■ Stored data:
╭──

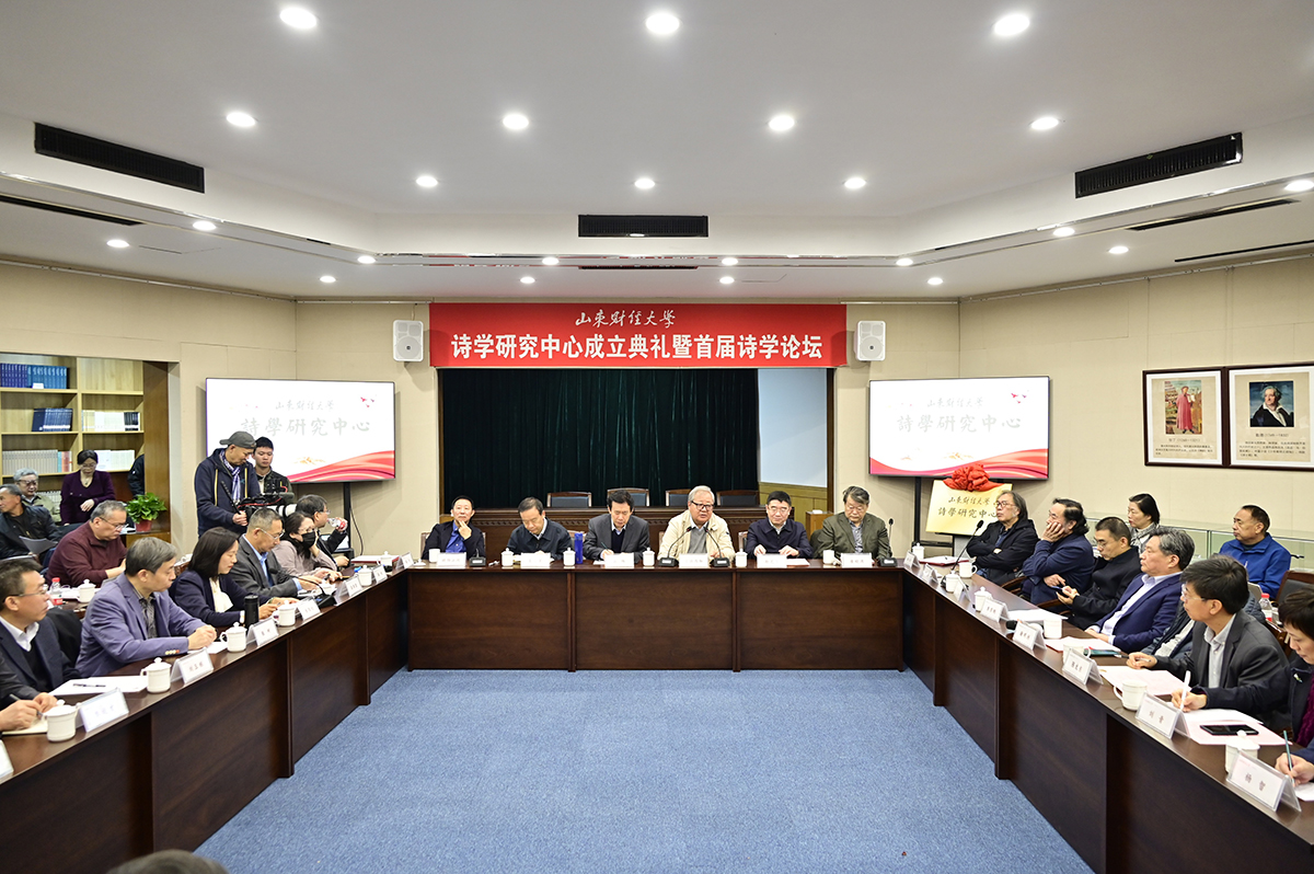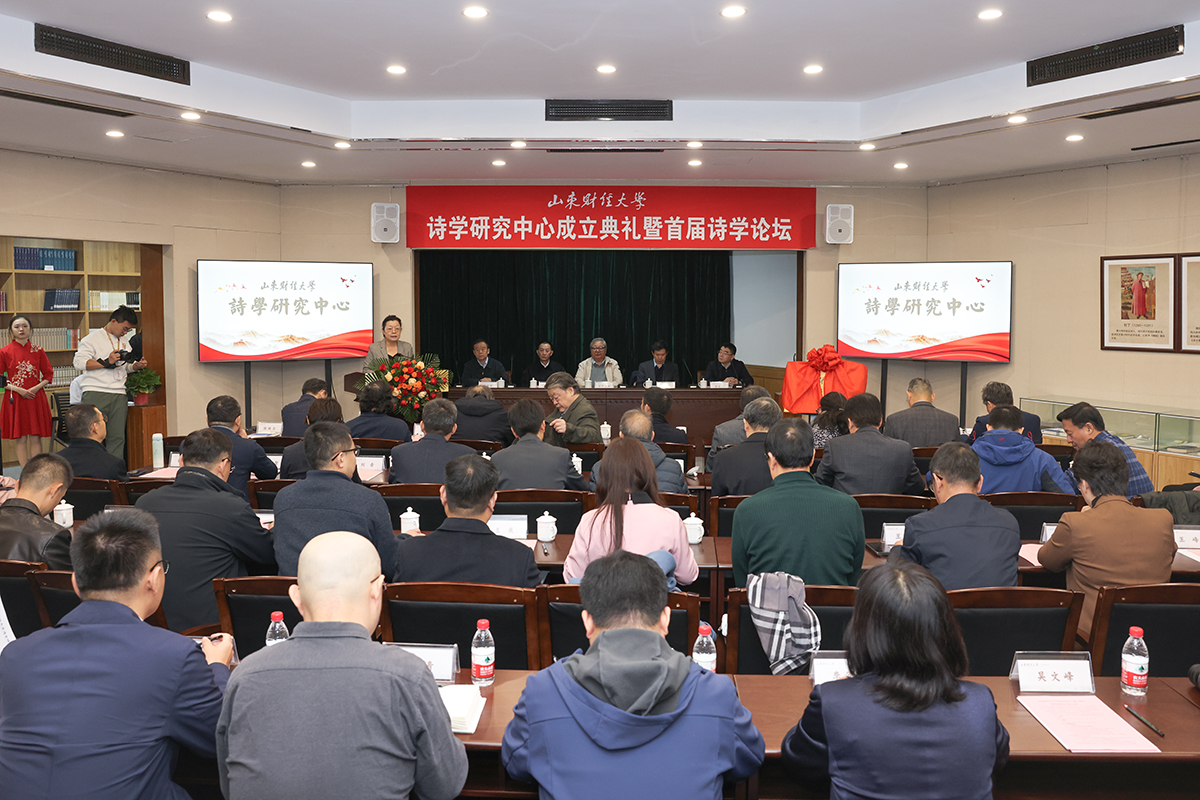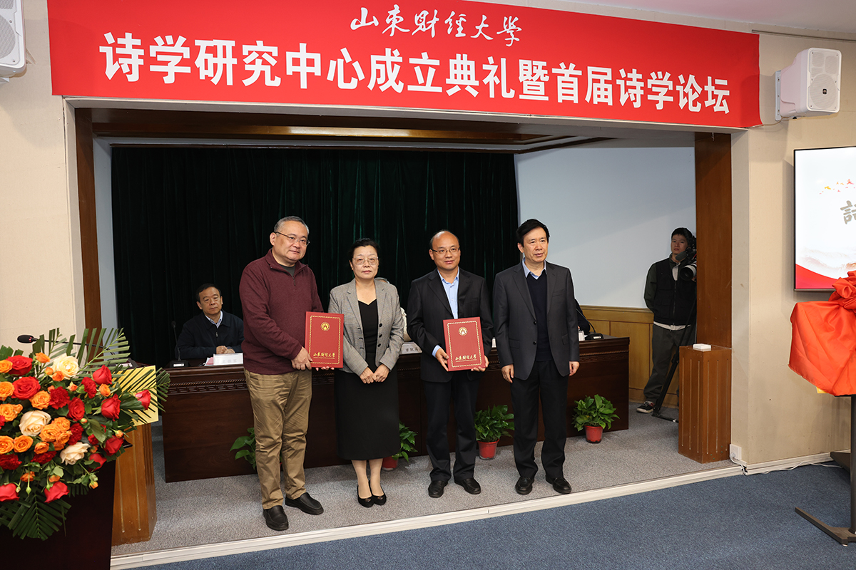 11月8日上午,山东财经大学诗学研究中心成立典礼暨首届诗学论坛在舜耕校区新落成的诗学讲堂盛大举行。
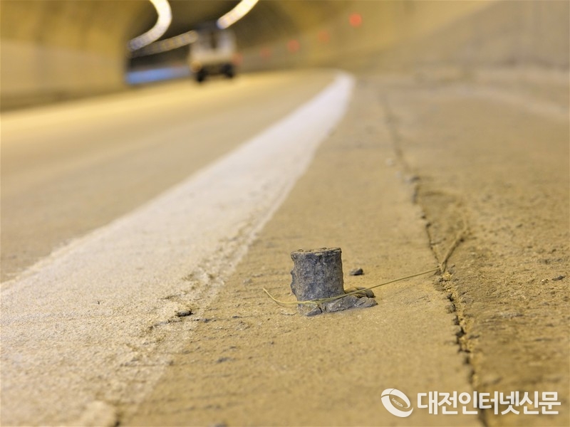 터널 내 차선을 식별하기 위해 설치된 도로표지병의 상판이 지나는 차량에 의해 파손되면서 하단 고정부의 철재파이프가 도로에 그대로 노출되어 운전자의 생명을 위협한 부강터널 전경. [사진-대전인터넷신문]
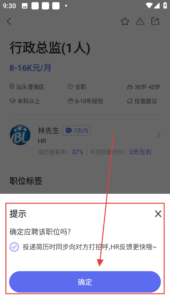 2、進(jìn)入職位詳情頁后,點(diǎn)擊【投遞簡歷】按鈕,可觸發(fā)應(yīng)聘提示彈窗,準(zhǔn)備確認(rèn)應(yīng)聘啦。
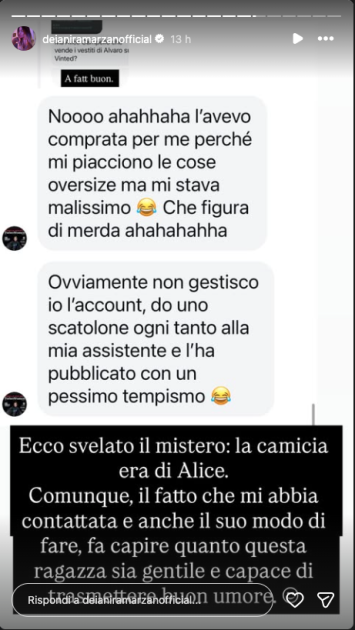 La spiegazione, in realtà, era un’altra. La camicia in questione, nonostante sia da uomo, era la sua. A dirlo è stata la stessa Alice scrivendo in privato all’esperta di gossip Deianira Marzano. Ha spiegato che, essendo amante dei vestiti oversize, l’aveva comprata per lei tempo fa ma non le stava bene.
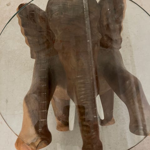 Sort elefantbord med udskæringer og hjørnetænder
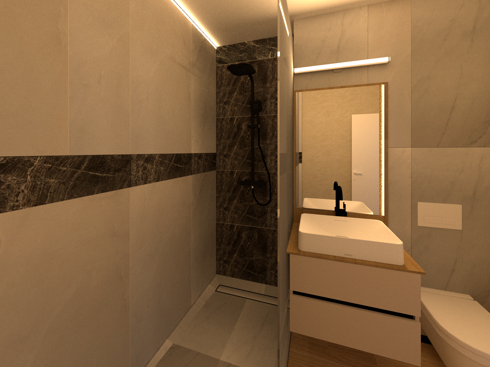 dont add sunlight reflections and stuff make the door handle black in the mirror reflection also the ceramic on the walls is reflective like laquer but don t put sun refelections in it just some light refelections from the room
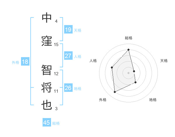 中窪 智将也さんを姓名の画数から五運を鑑定
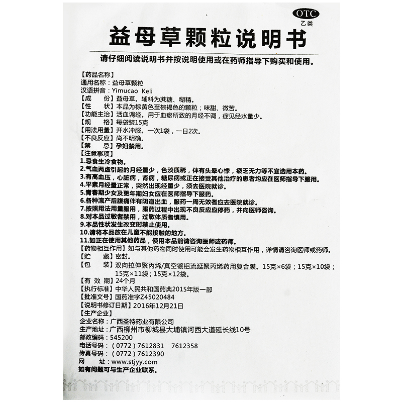 圣特记 益母草颗粒 10袋活血调经月经不调经血量少血瘀妇科药
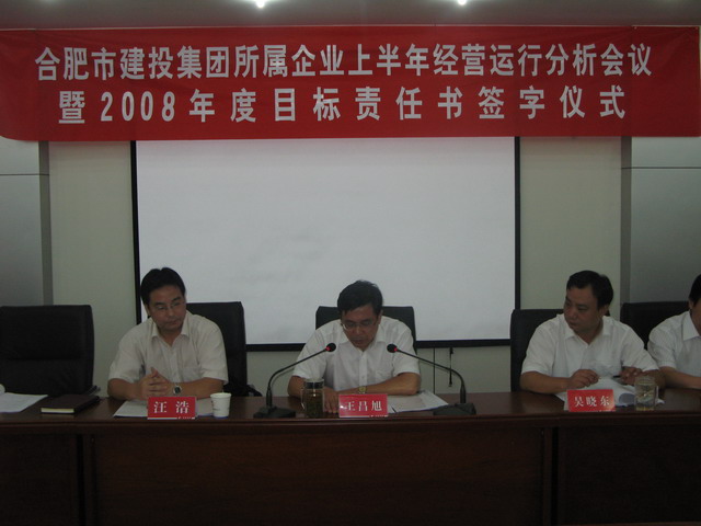 7月23日下午,集團公司所屬企業(yè)上半年經(jīng)營運行分析會議暨2008年度目標責任書簽字儀式在301會議室召開。集團公司領導王昌旭、吳曉東、陸勤航、程世琴,市國資委業(yè)績考核處處長汪浩、稽查員許國漢,八家所屬企業(yè)全體領導班子成員及集團公司相關部門負責人參加會議。會議由集團公司副總經(jīng)理吳曉東主持。
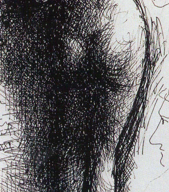 On the left side of Picasso’s figure, cross-hatching lines overlap the outline of her leg, ie. hatching lines continue from the figure into the background. This creates the melting shadow effect. I’ve shown some close-up detail, above, so that you can have a better look. Click on the image to enlarge it further.

╰──

■ TASK STATEMENT:
Although the records contain pictures, only their text should be repeated, exactly as it appears.

■ ANSWER SECTION:
 11月8日上午,山东财经大学诗学研究中心成立典礼暨首届诗学论坛在舜耕校区新落成的诗学讲堂盛大举行。
 터널 내 차선을 식별하기 위해 설치된 도로표지병의 상판이 지나는 차량에 의해 파손되면서 하단 고정부의 철재파이프가 도로에 그대로 노출되어 운전자의 생명을 위협한 부강터널 전경. [사진-대전인터넷신문]
 2、進(jìn)入職位詳情頁后,點(diǎn)擊【投遞簡歷】按鈕,可觸發(fā)應(yīng)聘提示彈窗,準(zhǔn)備確認(rèn)應(yīng)聘啦。
 La spiegazione, in realtà, era un’altra. La camicia in questione, nonostante sia da uomo, era la sua. A dirlo è stata la stessa Alice scrivendo in privato all’esperta di gossip Deianira Marzano. Ha spiegato che, essendo amante dei vestiti oversize, l’aveva comprata per lei tempo fa ma non le stava bene.
 Sort elefantbord med udskæringer og hjørnetænder
 dont add sunlight reflections and stuff make the door handle black in the mirror reflection also the ceramic on the walls is reflective like laquer but don t put sun refelections in it just some light refelections from the room
 中窪 智将也さんを姓名の画数から五運を鑑定
 圣特记 益母草颗粒 10袋活血调经月经不调经血量少血瘀妇科药
 7月23日下午,集團公司所屬企業(yè)上半年經(jīng)營運行分析會議暨2008年度目標責任書簽字儀式在301會議室召開。集團公司領導王昌旭、吳曉東、陸勤航、程世琴,市國資委業(yè)績考核處處長汪浩、稽查員許國漢,八家所屬企業(yè)全體領導班子成員及集團公司相關部門負責人參加會議。會議由集團公司副總經(jīng)理吳曉東主持。
 On the left side of Picasso’s figure, cross-hatching lines overlap the outline of her leg, ie. hatching lines continue from the figure into the background. This creates the melting shadow effect. I’ve shown some close-up detail, above, so that you can have a better look. Click on the image to enlarge it further.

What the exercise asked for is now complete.